■ Data:
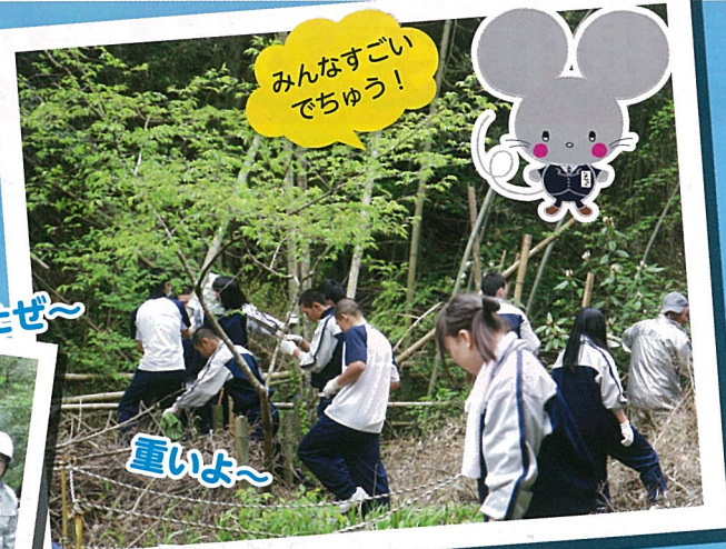
みんなすごいでちゅう!
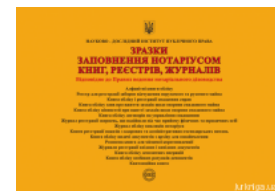
Зразки заповнення нотаріусом книг, реєстрів, журналів

Перейти до галузі права Нотаріальне право

■ Activity:
The answer must be the data above, repeated exactly, with no pictures.

■ Exercise output:
みんなすごいでちゅう!
Зразки заповнення нотаріусом книг, реєстрів, журналів

Перейти до галузі права Нотаріальне право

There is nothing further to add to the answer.